It's a damned if you don't, damned if you do. Apple could release a new system with zero UI updates and tons of internal improvements and people would call it 'old' and 'dated' and 'lack of innovation'.
It's a bit like adding new emojis in an OS release. There's been reports that new emojis are one of the drivers for getting people to upgrade. No one cares about a zero day security flaw, but that new kiss emoji everyone wants.
> Apple could release a new system with zero UI updates and tons of internal improvements and people would call it 'old' and 'dated' and 'lack of innovation'.
Apple has released incremental upgrades to macOS for years, and I've never heard this criticism of them. On the contrary, I ofter hear people missing Leopard design, and when UI has changed I've heard pushback (ie, when System Settings was renamed and redesigned). On macOS people care about the apps and interactions, not wether the buttons got a new look.

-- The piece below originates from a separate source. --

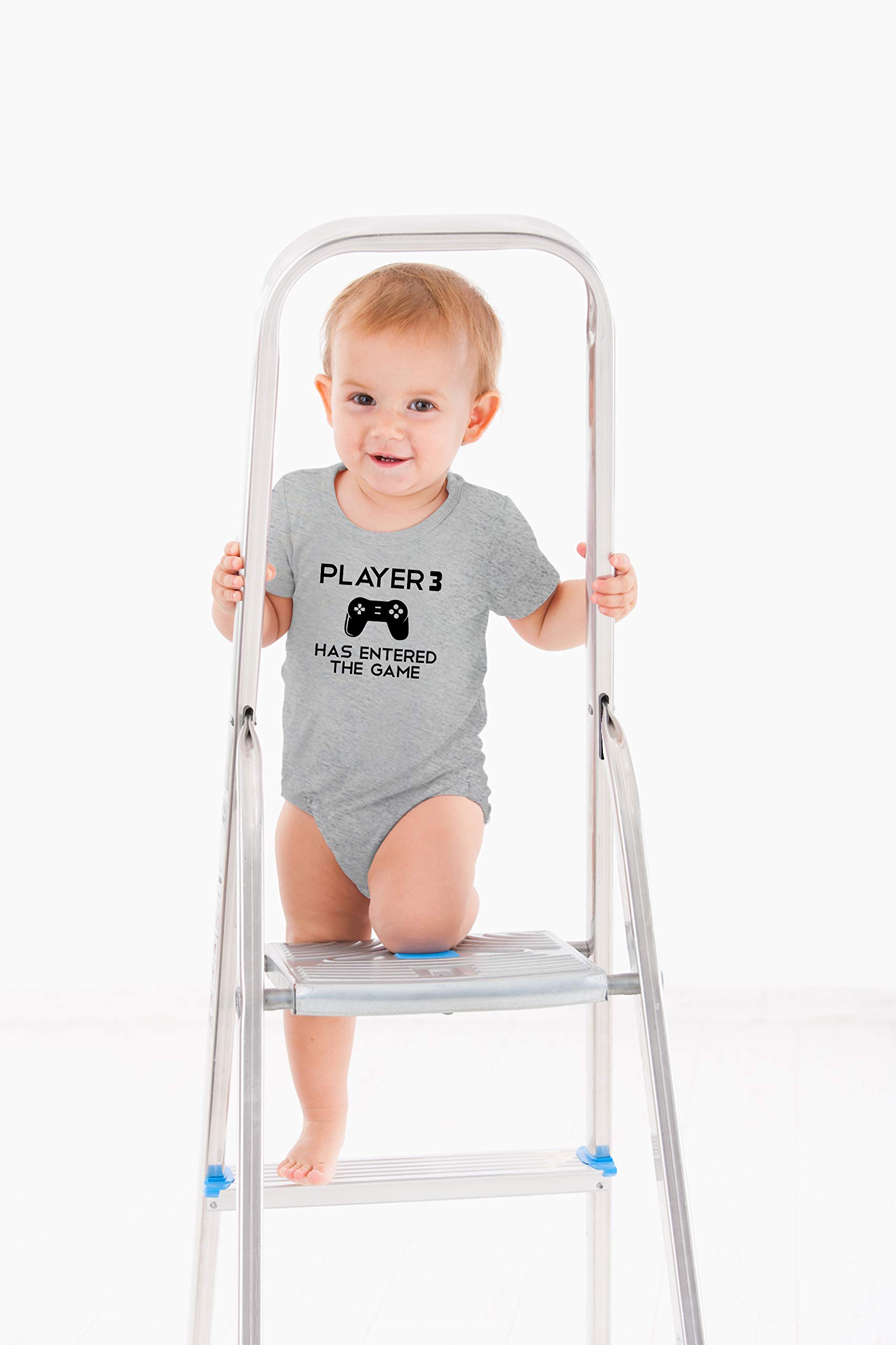 Unique and Original Gift Idea: Elevate your gift-giving with this cute and adorable Player 3 Has Entered The Game one-piece infant bodysuit. It's the perfect present for baby showers, baby birthdays, gender reveals, due dates, Christmas, New Year, and for mom-to-be or Mother's Day. This charming baby creeper makes an excellent gift from a grandpa, grandma, aunt, uncle, niece or nephew. Bring joy and laughter with this thoughtful gift for the newest addition to the family.

> There's been reports that new emojis are one of the drivers for getting people to upgrade. No one cares about a zero day security flaw, but that new kiss emoji everyone wants.
I agree with this. New emojis are new functionality; you can now express something you couldn't. A zero day security flaw brings no new functionality. Equally, updates to to apps and interactions bring new functionality. A re-skin of the OS doesn't.

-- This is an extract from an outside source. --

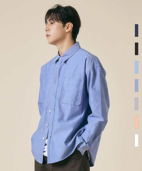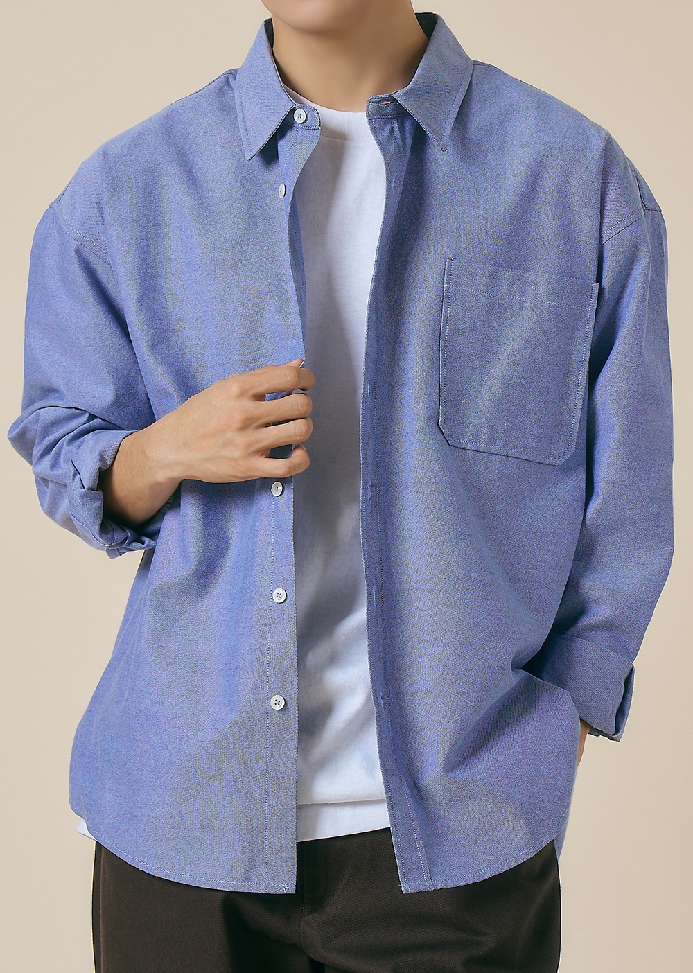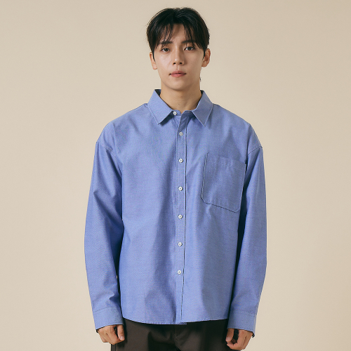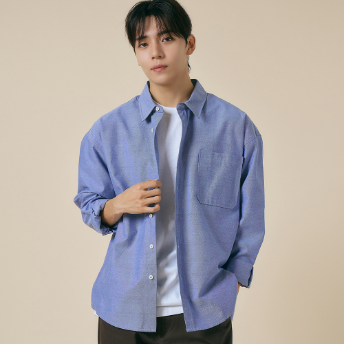 옥스포드 솔리드 포켓 오버 셔츠 [다크블루]

I agree, but I'm pointing out why UI changes happen. Apple could certainly do UI changes as part of a cleanup release though. Basically start with getting back to consistency pointed out in the article.

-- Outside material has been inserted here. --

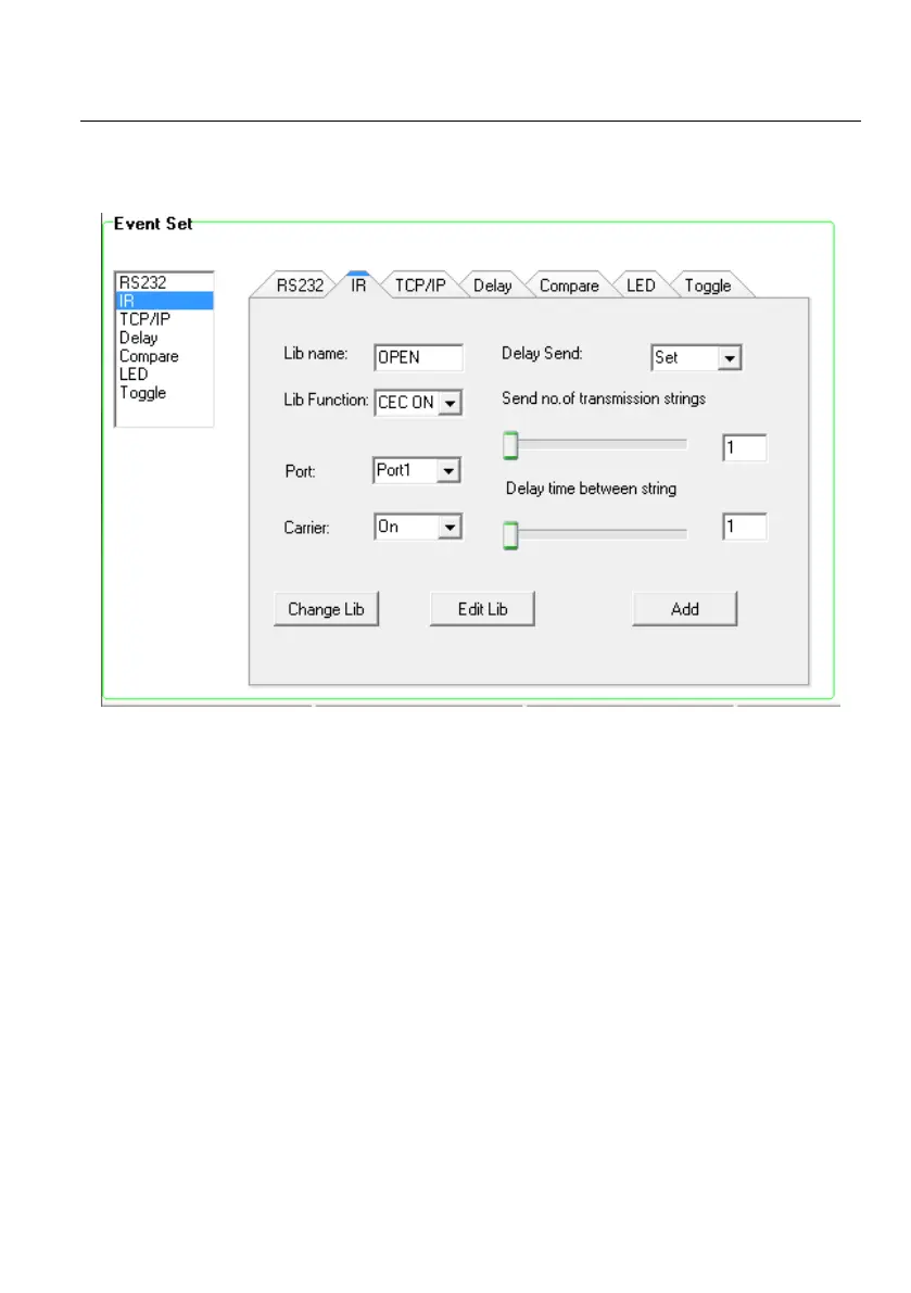 This item is used for setting the events for IR (1) ~ IR (2) ports. Click “IR”, it will show as below:

But, having worked with users I've seen first hand out tons of internal improvements are ignored while one small UI change makes 'everything seem new'.
Don't you feel that the circumstances are similar though? There was a pressure (expectation and competition) for new features. There were rapid changes in the UI and UX. But also bugs. And IIRC Mac OS X upgrades were still paid-for.
It was a brave move to spend a major release without adding feature. And people were grateful for it, once it happened.
I'm all about them spending a major release bug fixing. I've been on their side with a much smaller project and see what users say though.
The analogy I use is that no one thinks about plumbing until it's not working. I could stand up and tell people we have the best plumbing ever, it's been improved, is less likely to break, etc... and as long as it works at a surface level it seems the vast majority of user don't care. We actually save little UI tweaks/fixes to point to when doing major behind the scenes upgrades so users 'see' we're doing something. It's silly, but /shrug.
It's a bit like adding new emojis in an OS release. There's been reports that new emojis are one of the drivers for getting people to upgrade. No one cares about a zero day security flaw, but that new kiss emoji everyone wants.